(Data extract Opens)

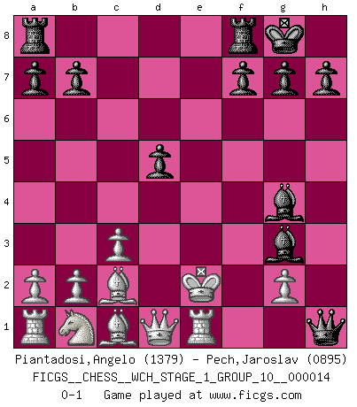Last move : 0-1 2014 December 28 17:37:41 [Event "FICGS__CHESS__WCH_STAGE_1_GROUP_10__000014"] [Site "FICGS"] [Date "2014.11.01"] [Round "1"] [White "Piantadosi,Angelo"] [Black "Pech,Jaroslav"] [Result "0-1"] [WhiteElo "1379"] [BlackElo "0895"] 1.e4 c6 2.d4 d5 3.exd5 cxd5 4.Bd3 Nc6 5.c3 Nf6 6.Ne2 e5 7.dxe5 Nxe5 8.Bc2 Bd6 9.O-O O-O 10.Re1 Nfg4 11.Ng3 Qh4 12.h3 Nxf2 13.Kxf2 Ng4+ 14.hxg4 Bxg3+ 15.Kf1 Qh1+ 16.Ke2 Bxg4+ 0-1 Caro-Kann : Exchange variation Kingside Castling by player White (move 9) Kingside Castling by player Black (move 9) Player Black won this chess game. Follow this game move after move (download)The sign of a great Master is his ability to win a won game quickly and painlessly. (Irving Chernev) Ein guter Spieler hat immer Glück. (José Raúl Capablanca) La táctica fluye a partir de una posición superior. (Bobby Fischer) À la honte des hommes, on sait que les lois du jeu sont les seules qui soient partout justes, claires, inviolables et exécutées. Pourquoi l'Indien qui a donné les règles du jeu d'échecs est-il obéi de bon gré dans toute la terre, et que les décrétales des papes, par exemple, sont aujourd'hui un objet d'horreur et de mépris ? C'est que l'inventeur des échecs combina tout avec justesse pour la satisfaction des joueurs, et que les papes, dans leurs décrétales, n'eurent en vue que leur seul avantage. L'Indien voulut exercer également l'esprit des hommes et leur donner du plaisir; les papes ont voulu abrutir l'esprit des hommes. Voltaire (Dictionnaire philosophique / Garnier 1967) God is an atheist. (Unknown)
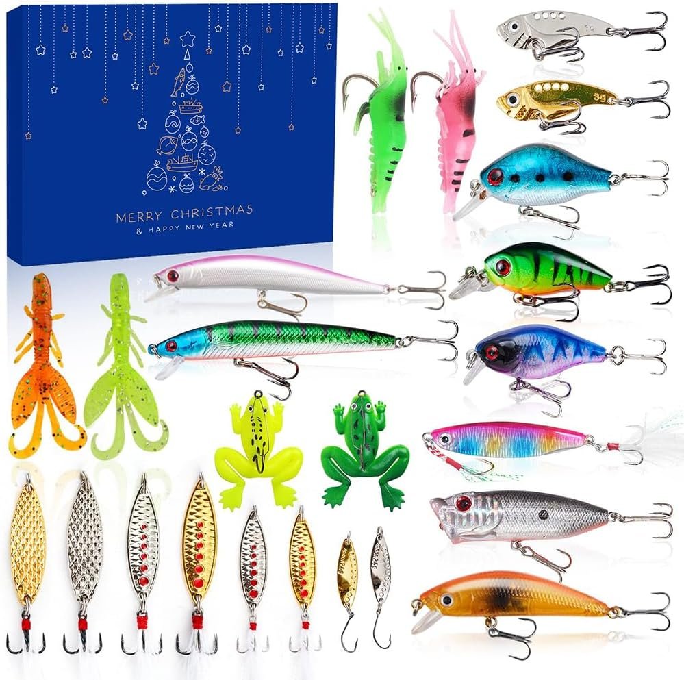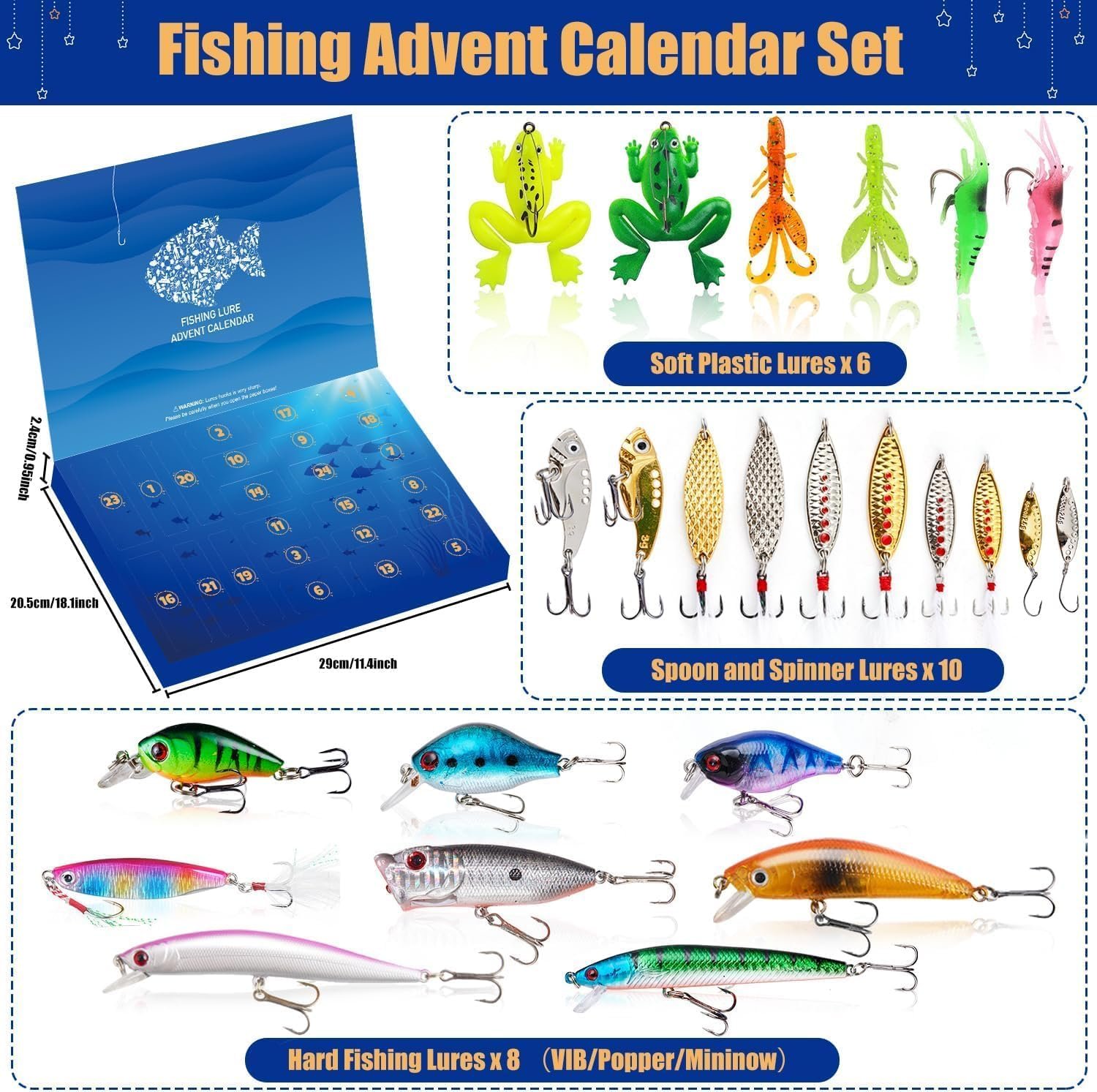 【MULTI-FUNCTIONAL BAIT SET】The 2023 Fishing Advent Calendar features 24 multi-purpose baits, including 8 hard baits, 6 soft baits and 10 spoon baits, neatly distributed in separate compartments; enjoy something different every day fishing experience that turns the holiday countdown into an unforgettable fishing season trip.
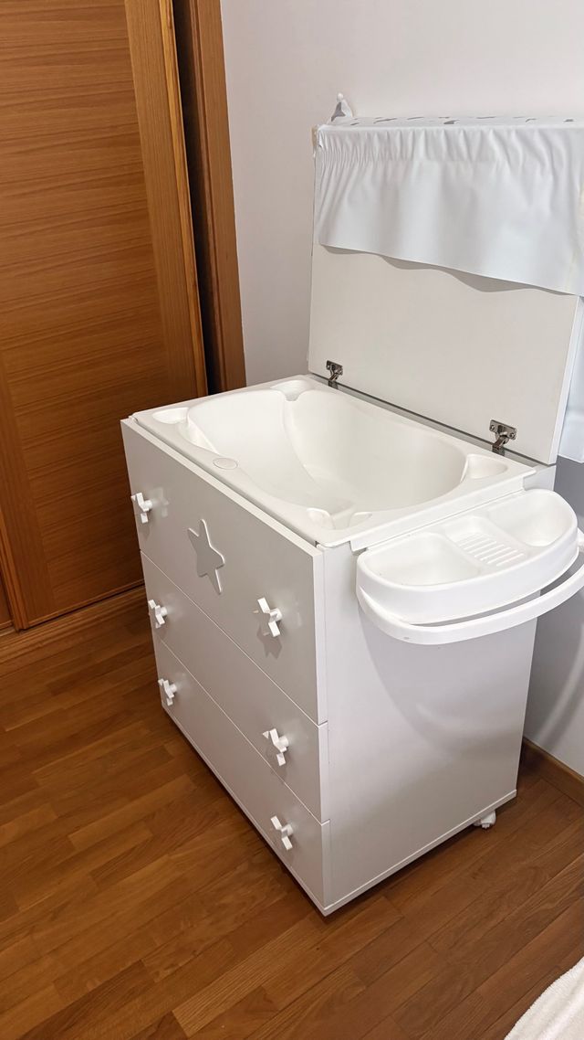 Vendo cajonera para bebe con bañera incorporada. Tiene 3 años. Esta en buen estado.Solo una esquina del cambiador esta roto. Pero se puede poner uno nuevo.
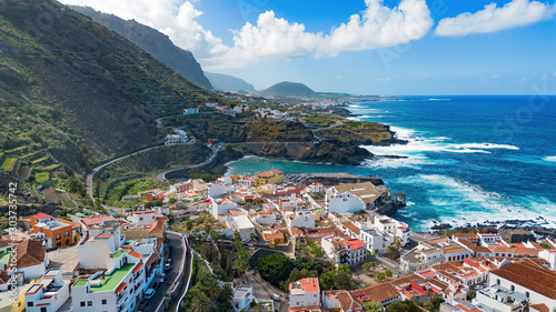 Aerial view of Garachico, a small town on the northern coast of Tenerife in the Canary Islands, Spain
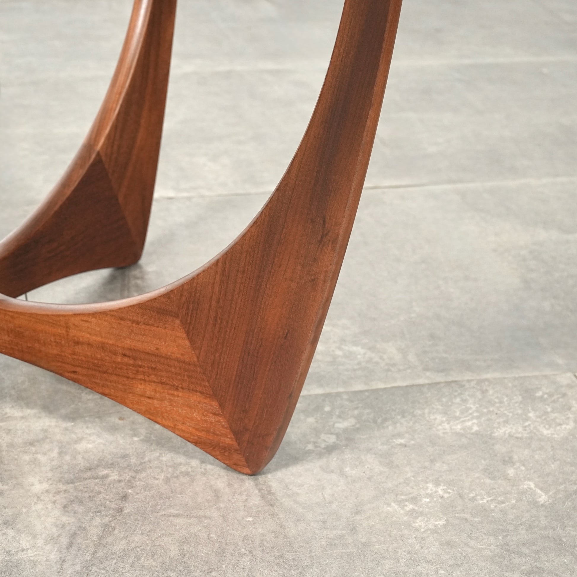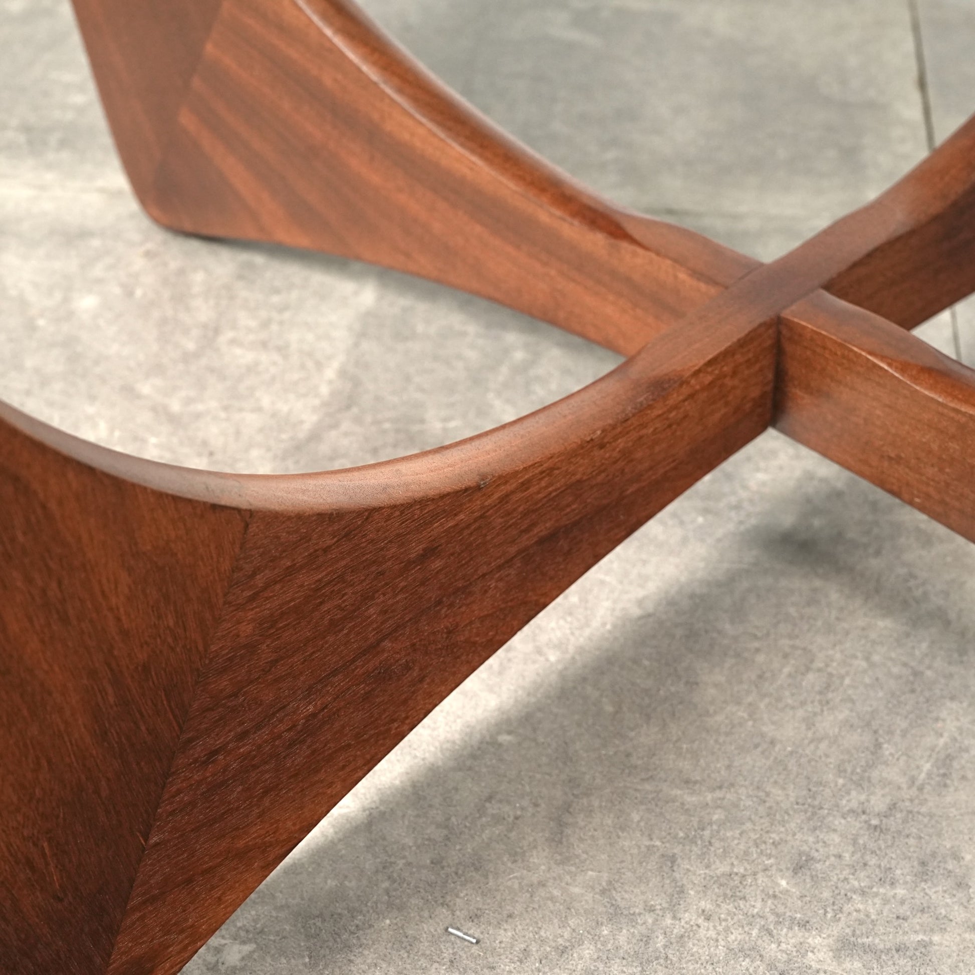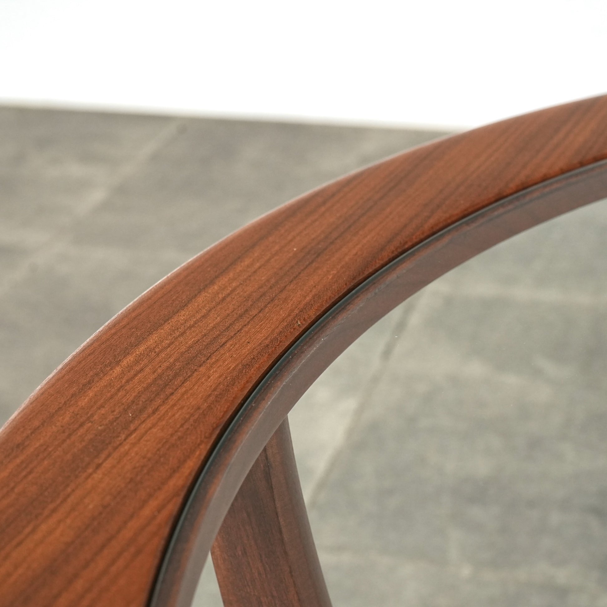 濃淡のはっきりとした高品質のチークを使用したフレームは全体の美しい曲線が印象的で、特に脚部はまさに圧巻のデザイン。
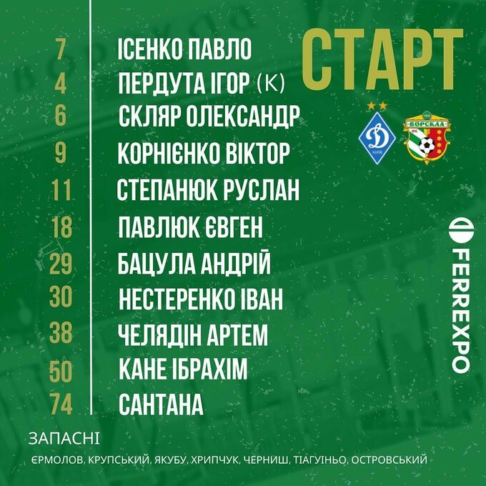 Запасні: Нещерет, Моргун, Малиш, Дячук, Діалло, Михавко, Царенко.
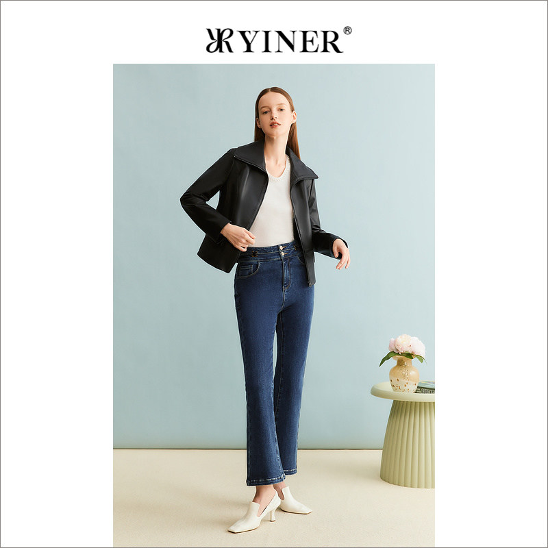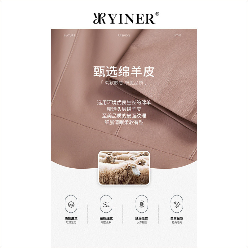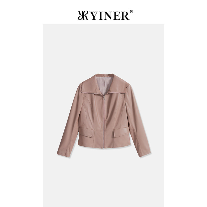 YINER音儿专选女装秋季时尚气质大翻领绵羊真皮皮衣夹克外套
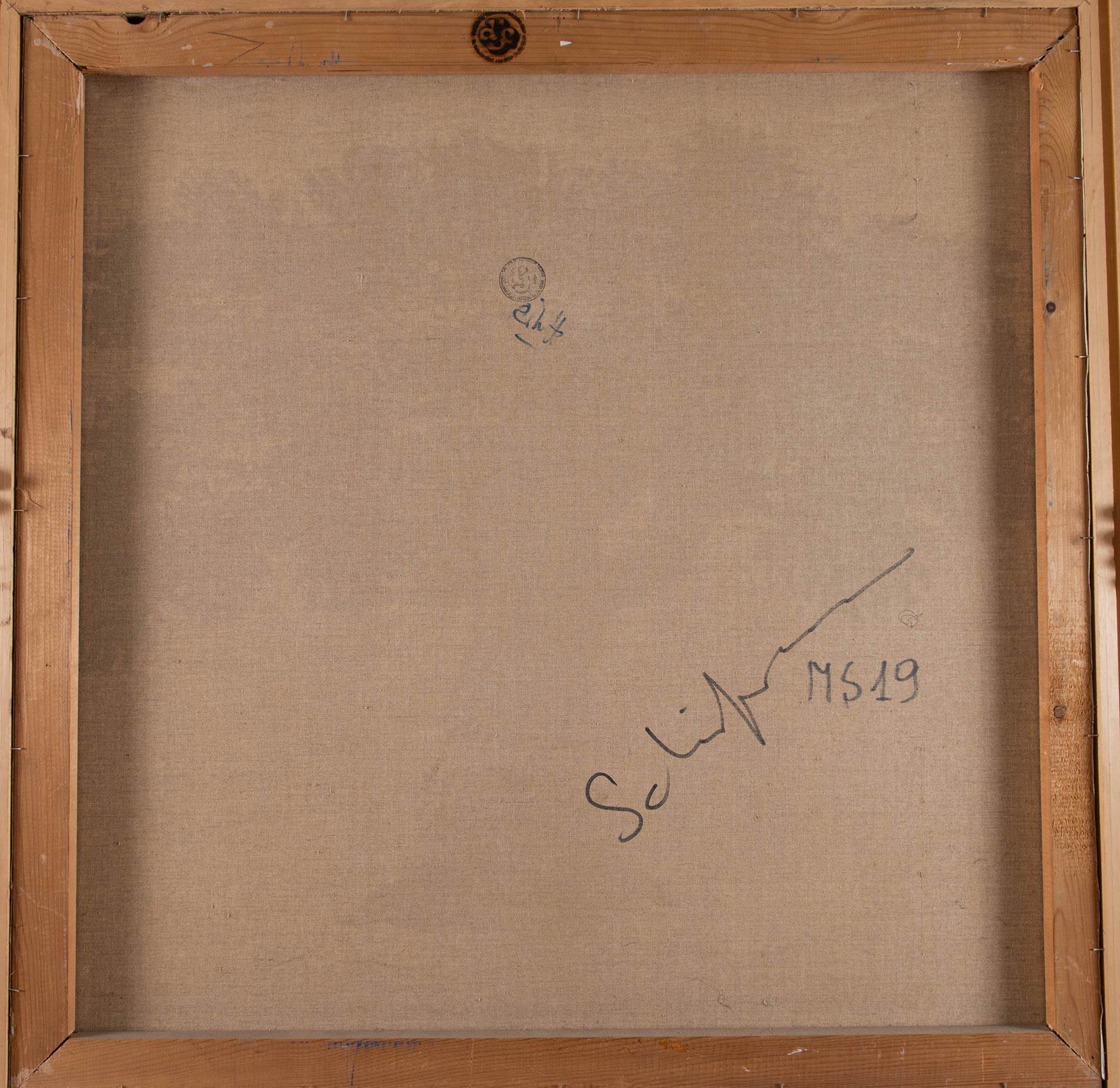 MARIO SCHIFANO (Homs 1934 - Roma 1998). 'Albero della vita', anni '70. Monotipo su tela. H. Cm 100x100. Opera firmata al retro 'Schifano' con numerazione 'MS1'; al retro reca inoltre timbro a fuoco della Galleria 'De Foscherari, Bologna' e timbro 'De Foscherari' con firma 'Ribuffo'. Opera accompagnata da autentica su fotografia dell'artista con timbri 'Galleria De Foscherari, Bologna'.
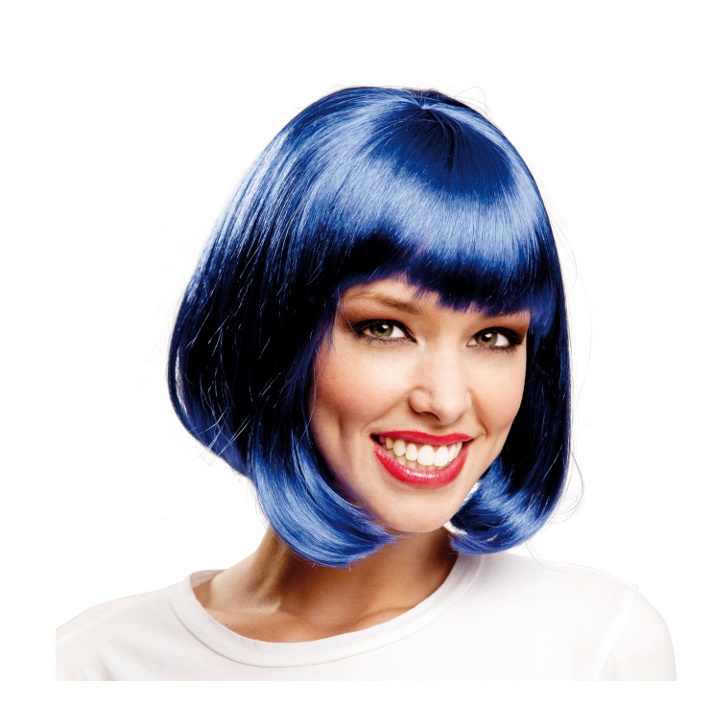 Elektrisch blaue, mittellange Perücke mit Fransen und abgerundeten Enden, die Ihrem Look ein sehr auffälliges Aussehen verleihen wird.

(Data extract Closes)

[Exercise]: Your answer must be an exact repeat of all the records, minus the pictures.

[Output for this task]:
Last move : 0-1 2014 December 28 17:37:41 [Event "FICGS__CHESS__WCH_STAGE_1_GROUP_10__000014"] [Site "FICGS"] [Date "2014.11.01"] [Round "1"] [White "Piantadosi,Angelo"] [Black "Pech,Jaroslav"] [Result "0-1"] [WhiteElo "1379"] [BlackElo "0895"] 1.e4 c6 2.d4 d5 3.exd5 cxd5 4.Bd3 Nc6 5.c3 Nf6 6.Ne2 e5 7.dxe5 Nxe5 8.Bc2 Bd6 9.O-O O-O 10.Re1 Nfg4 11.Ng3 Qh4 12.h3 Nxf2 13.Kxf2 Ng4+ 14.hxg4 Bxg3+ 15.Kf1 Qh1+ 16.Ke2 Bxg4+ 0-1 Caro-Kann : Exchange variation Kingside Castling by player White (move 9) Kingside Castling by player Black (move 9) Player Black won this chess game. Follow this game move after move (download)The sign of a great Master is his ability to win a won game quickly and painlessly. (Irving Chernev) Ein guter Spieler hat immer Glück. (José Raúl Capablanca) La táctica fluye a partir de una posición superior. (Bobby Fischer) À la honte des hommes, on sait que les lois du jeu sont les seules qui soient partout justes, claires, inviolables et exécutées. Pourquoi l'Indien qui a donné les règles du jeu d'échecs est-il obéi de bon gré dans toute la terre, et que les décrétales des papes, par exemple, sont aujourd'hui un objet d'horreur et de mépris ? C'est que l'inventeur des échecs combina tout avec justesse pour la satisfaction des joueurs, et que les papes, dans leurs décrétales, n'eurent en vue que leur seul avantage. L'Indien voulut exercer également l'esprit des hommes et leur donner du plaisir; les papes ont voulu abrutir l'esprit des hommes. Voltaire (Dictionnaire philosophique / Garnier 1967) God is an atheist. (Unknown)
 【MULTI-FUNCTIONAL BAIT SET】The 2023 Fishing Advent Calendar features 24 multi-purpose baits, including 8 hard baits, 6 soft baits and 10 spoon baits, neatly distributed in separate compartments; enjoy something different every day fishing experience that turns the holiday countdown into an unforgettable fishing season trip.
 Vendo cajonera para bebe con bañera incorporada. Tiene 3 años. Esta en buen estado.Solo una esquina del cambiador esta roto. Pero se puede poner uno nuevo.
 Aerial view of Garachico, a small town on the northern coast of Tenerife in the Canary Islands, Spain
 濃淡のはっきりとした高品質のチークを使用したフレームは全体の美しい曲線が印象的で、特に脚部はまさに圧巻のデザイン。
 Запасні: Нещерет, Моргун, Малиш, Дячук, Діалло, Михавко, Царенко.
 YINER音儿专选女装秋季时尚气质大翻领绵羊真皮皮衣夹克外套
 MARIO SCHIFANO (Homs 1934 - Roma 1998). 'Albero della vita', anni '70. Monotipo su tela. H. Cm 100x100. Opera firmata al retro 'Schifano' con numerazione 'MS1'; al retro reca inoltre timbro a fuoco della Galleria 'De Foscherari, Bologna' e timbro 'De Foscherari' con firma 'Ribuffo'. Opera accompagnata da autentica su fotografia dell'artista con timbri 'Galleria De Foscherari, Bologna'.
 Elektrisch blaue, mittellange Perücke mit Fransen und abgerundeten Enden, die Ihrem Look ein sehr auffälliges Aussehen verleihen wird.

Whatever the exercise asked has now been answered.